We’ve learned so much from that technology that that nobody else has in the industry, where we’re able to really develop those newer products that are coming out to the market to tailor them so we know that they’re not causing any formation damage, and we know that the conductivity level is still high.

Right.

And then when you’re looking at the efficiency factor of what the customer is looking for, they’re really looking for how can I how can I complete more stages per day? And if I can complete more stages per day, then I can reduce my time on location by one or two days. If I can reduce my time on location by one or two days, that’s a huge cost savings.

Right.

You’re looking at the total cost that they have associated on a per day basis. So how can you do that from a chemistry perspective? Right? So, like, looking at friction reducers, if you can develop a higher performing friction reducer that can lower your well side pressures so you can increase your rate, you can increase your rate, you complete stages faster, and then you continue to go and you complete your well faster and you can save them a lot of money that way.

Right.

So I have a question. Once technology comes up with all of the testing, we finish it, we present our findings to internal, what happens at that stage?

So that’s whenever we have the presentation in front of the customer, right, where typically the r and d team is there with us. I think it’s very important to have that team there during the presentations to ask and answer any of the questions that are being asked by the customer and to fully explain the methodology behind why we tested it and and how we got the results. And then from there, if we’re successful and we’re rewarded the work, then that starts the process of making sure that everything’s manufactured properly and the quality of the product stays consistent, which I I do think there’s been a shift in that in the market over the past year or two of customers really paying attention to the quality of the product that’s arriving to location.

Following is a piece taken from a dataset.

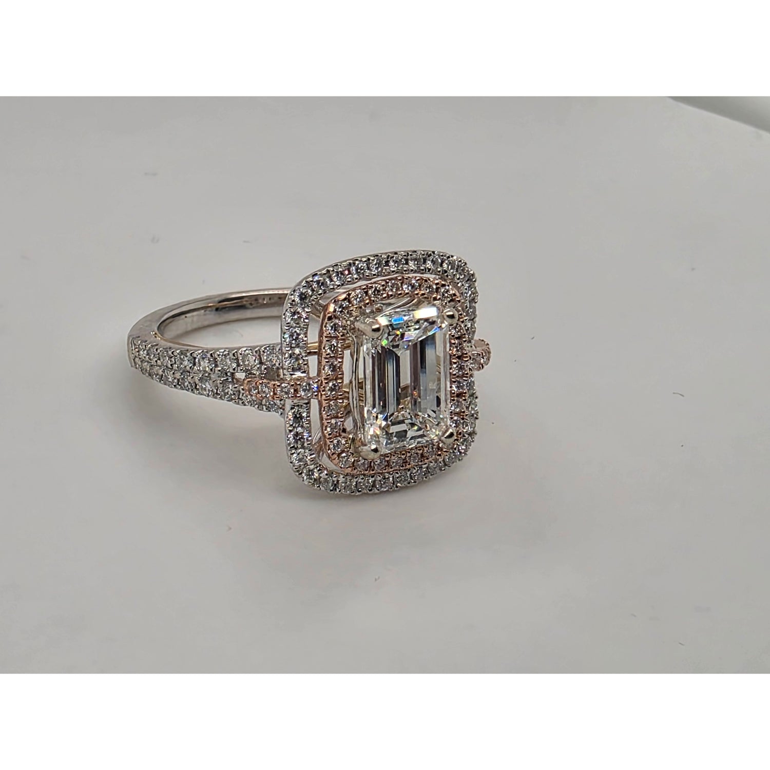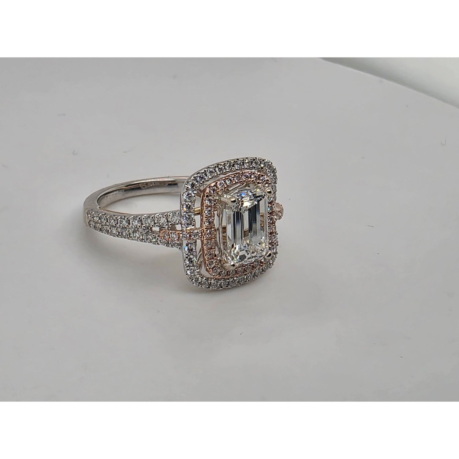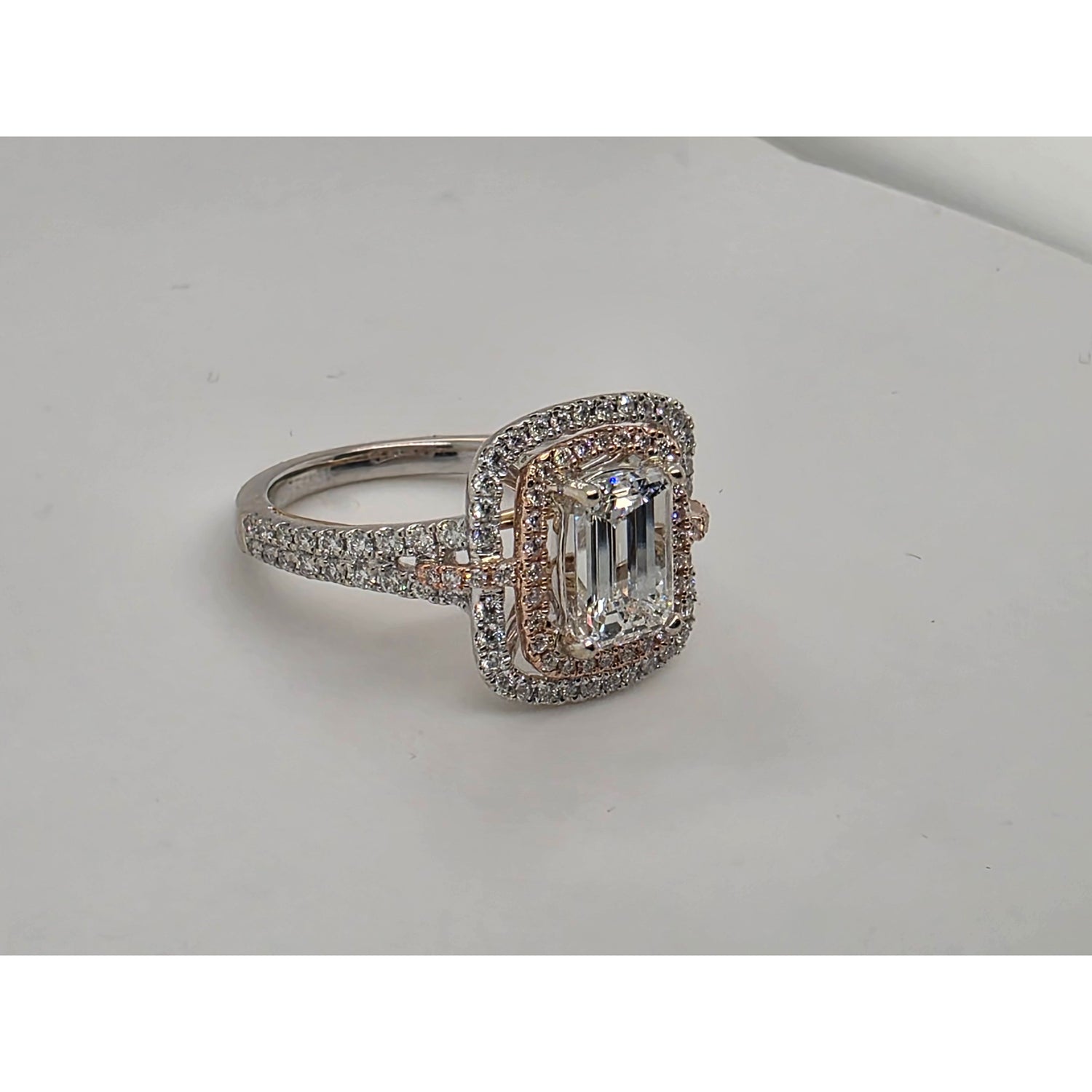 Showcase timeless elegance with this stunning 1.57ctw emerald cut natural diamond ring, graded G color and VS2 clarity. Set in luxurious 14kt two-tone gold, the center diamond is beautifully complemented by .15ctw pink diamond accents and .25ctw white diamonds that add a unique and vibrant touch. A sophisticated and eye-catching piece, perfect for someone looking for a distinctive ring with exceptional sparkle.

There’s one thing to test in the lab and to see how the performance is working from a lab perspective, but how does that translate over to the field? One of the things with select chemistry and the fact that we have our manufacturing plants in Midland, Texas and Tyler, Texas, we have a lot more control over the way that the product’s being made and the QC process that goes behind it, ensuring that the the product that is being made stays consistent and is arriving to location the way that it’s meant to be. Yeah. Have some customers that we actually we will take a sample after every single batch before it goes to location and we’ll ship it to our customer so that they can do the testing or have a third party do the testing, say on a friction reducer, to make sure that in that water quality, the every single batch is within a percent or two of each other and making sure that they’re very consistent going on location.

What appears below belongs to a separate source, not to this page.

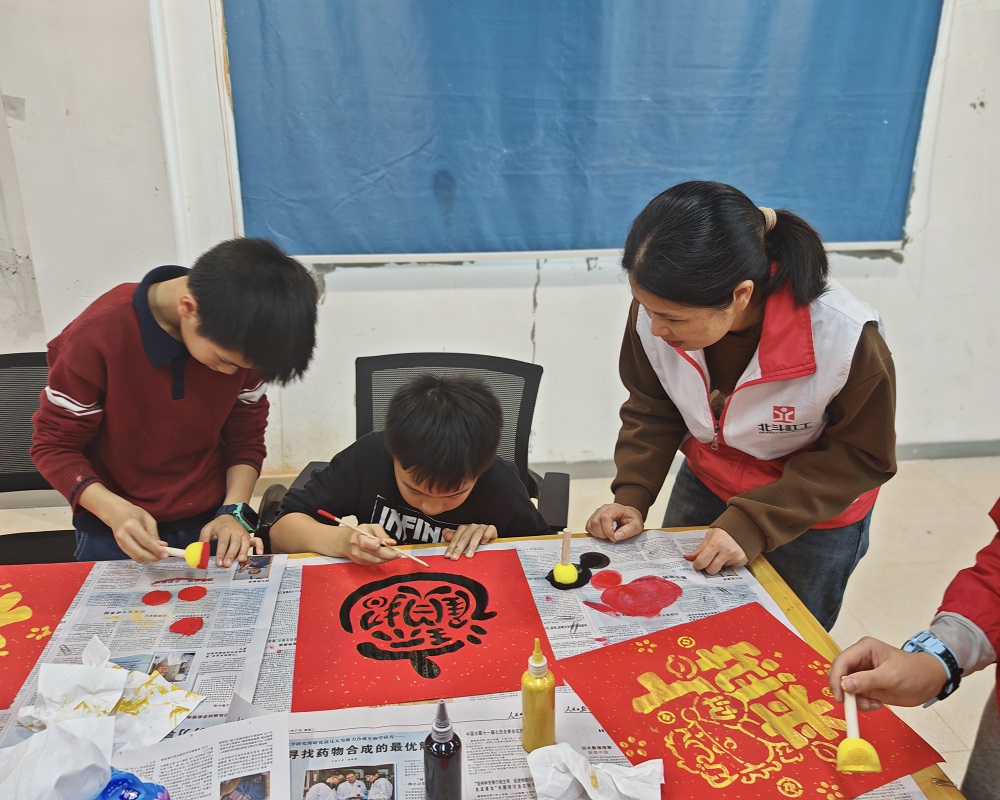 拓印年画挂历制作环节中,孩子们用富有年节寓意的传统拓印模板,在社工的示范下,全身心投入拓印创作。制作过程中,社工关注每位参与者的状态,对出现注意力分散的儿童及时给予温馨引导,帮助他们快速回归任务;对于能持续专注完成操作、认真打磨作品的孩子们,则及时给予积极肯定与正向鼓励,增强其自信心与成就感。现场氛围温馨而专注,在孩子们的精心拓印下,一幅幅童趣盎然的年画、一张张独具特色的新年挂历渐渐成形、熠熠生辉,每一份作品都承载着孩子们的专注与期盼。
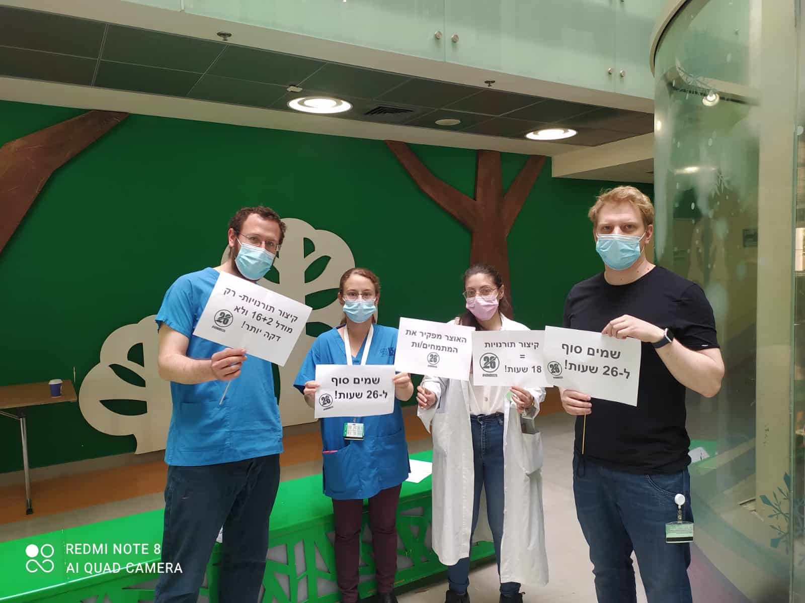 ארגון הרופאים המתמחים 'מרשם': "המחאה תצא גם מגבולות ביה"ח – אנחנו לא נאפשר למחטף הזה לקרות. אנחנו דורשים קיצור תורנויות אמיתי – בהתאם למה שנקבע בהיתר העסקה של שרת הכלכלה- רק 16+2 – ולא דקה יותר! כל מתווה הכולל "מנוחה" למתמחים, בתוך כתלי ביה"ח, הוא פייק מתווה ופייק קיצור תורנויות!".

I know our QC parameters are very tight. We have pretty narrow lower and upper bounds and every aspect of the process is checked in different QC steps.

We call our QC techs the chemical COPs, right? They report into technology rather than into operations.

And so it’s not about just getting product out the door, it’s about getting good product out the door.

Right. They’re actually incentivized to go and find products that don’t meet QC standards.

Correct.

So in ensuring that products get to location on time, I mean, obviously, it’s extremely important because causing an EMPT because of late deliveries is just unacceptable. Right? So making sure that everything from, you know, loading the ISOs at the manufacturing plant to getting the drivers lined up a lot of times there are internal drivers, which is super beneficial, and then making sure that they’re arriving when they need to arrive.

What happens once that product gets to location?

So it depends on the customer. Right? So sometimes we have our own chem suite unit out there that’s pumping the product, or a a lot of times the it’s being pumped through the horsepower. Whenever we have our own chem unit on location, we’re able to optimize a little bit more efficiently because we have more control over what’s being pumped, we’re looking at the pressure charts, kind of partnering with the customer and looking at a stage by stage design and ensuring that, one, that the the chemical package is working and is working at the most optimized design.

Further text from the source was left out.